In this notebook, I am going to explore more about crime in Chicago and try to find answers to few questions:

How has crime in Chicago changed across years? Was 2016 really the bloodiest year in two decades?
Are some types of crimes more likely to happen in specific locations or specific time of the day or specific day of the week than other types of crimes?

## Data Cleaning and Formatting

Importing required Data Science libraries and modules for EDA  Analysis | In this analysis i'll explore the 2005-2016 Crimes data

In [None]:
import numpy as np
import pandas as pd 
import matplotlib.pyplot as plt
%matplotlib inline
import seaborn as sns
plt.style.use('seaborn')

Importing Datasets from 2005-2017 and joining them in a single data

In [None]:
Crime1 = pd.read_csv('../input/Chicago_Crimes_2005_to_2007.csv',error_bad_lines=False)
Crime2 = pd.read_csv('../input/Chicago_Crimes_2008_to_2011.csv',error_bad_lines=False)
Crime3 = pd.read_csv('../input/Chicago_Crimes_2012_to_2017.csv',error_bad_lines=False)

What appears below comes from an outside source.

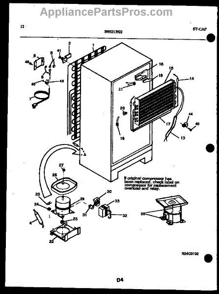 This is a compressor used in several types of home appliances. The compressor is designed to take cold gas in the appliance and place it under pressure so the gas raises in temperature. It is then moved through the refrigerator system to ensure the unit stays cold throughout the appliance. This part can become damaged or malfunction, which may cause the motor to stop running, make the motor noisier, or cause the motor to never stop running.If this happens, the compressor will need to be replaced. A basic set of tools will be needed. A pair of work gloves can also be useful. First, locate the compressor as it may be in various locations depending on the appliance model. Unplug the appliance before removing the compressor. Install the new compressor using the original bolts and nuts before turning the power back on and resuming normal use.This part is sold on an individual basis. The compressor is made to be used with refrigerators, ranges, stoves, ovens, air conditioners, and freezers created by Gibson, Frigidaire, Kelvinator, Montgomery Wards, Westinghouse, Tappan, JCPenney, Universal, and Kenmore. It is an authentic OEM replacement part directly sourced from the manufacturer.
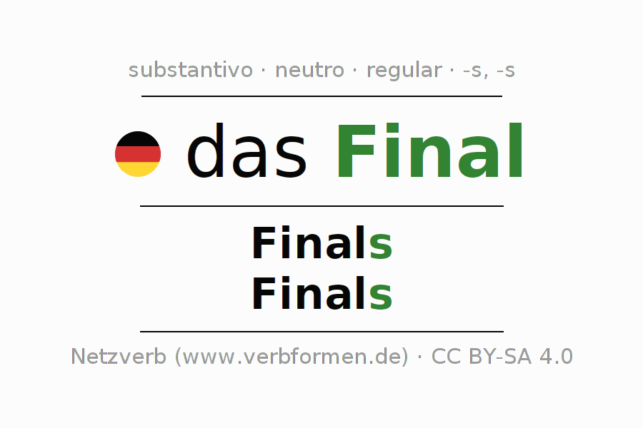 A declinação do substantivo Final (finale) está no genitivo singular Finals e no nominativo plural Finals . O substantivo forte Final é declinado com a terminação s/s. O gênero gramatical de Final é neutro e o artigo definido é "das". O substantivo também pode ser usado com outros géneros e outros artigos. Não se pode somente declinar o substantivo Final mas sim todos os substantivos em alemão. Comentários ☆

Crimes = pd.concat([Crime1, Crime2, Crime3], ignore_index=False, axis=0)

del Crime1
del Crime2
del Crime3

print('Dataset ready..')

print('Dataset Shape before drop_duplicate : ', Crimes.shape)
Crimes.drop_duplicates(subset=['ID', 'Case Number'], inplace=True)
print('Dataset Shape after drop_duplicate: ', Crimes.shape)

Filtering the Data out by dropping those columns which would not be of use for analysis

In [None]:
Crimes.drop(['Unnamed: 0', 'Case Number', 'IUCR','Updated On','Year', 'FBI Code', 'Beat','Ward','Community Area', 'Location'], inplace=True, axis=1)

From the first few rowswe can see that, we have several columns that will help us answer our questions. We will use the 'Date' column to explore temporal patterns, 'Primary Type' and 'Location Description' to investigate their relationship with time (month of the year, time of the day, hour of the day, .. etc).

In [None]:
#Let's have a look at the first 5 rows of the dataframe 'Crimes'

Crimes.head(5)

Great, Since we are dealing with dates, we need to convert the 'Date' column into a date format that can be interpret by Python (and pandas).

In [None]:
# converting dates to pandas datetime format
Crimes.Date = pd.to_datetime(Crimes.Date, format='%m/%d/%Y %I:%M:%S %p')


# setting the index to be the date will help us a lot later on
Crimes.index = pd.DatetimeIndex(Crimes.Date)

Checking the No. of records (i.e, the no. of rows) and Features for each records (i.e, the no. of columns)

In [None]:
Crimes.shape

Checking the data type of each columns and rows in the Dataframe

In [None]:
Crimes.info()

As 'Location Description', 'Description' and 'Primary Type' columns are Categorical columns (or factors in R), we will keep the most frequent categories and then cast them to a categorical data type.

In [None]:
loc_to_change  = list(Crimes['Location Description'].value_counts()[20:].index)
desc_to_change = list(Crimes['Description'].value_counts()[20:].index)
type_to_change = list(Crimes['Primary Type'].value_counts()[20:].index)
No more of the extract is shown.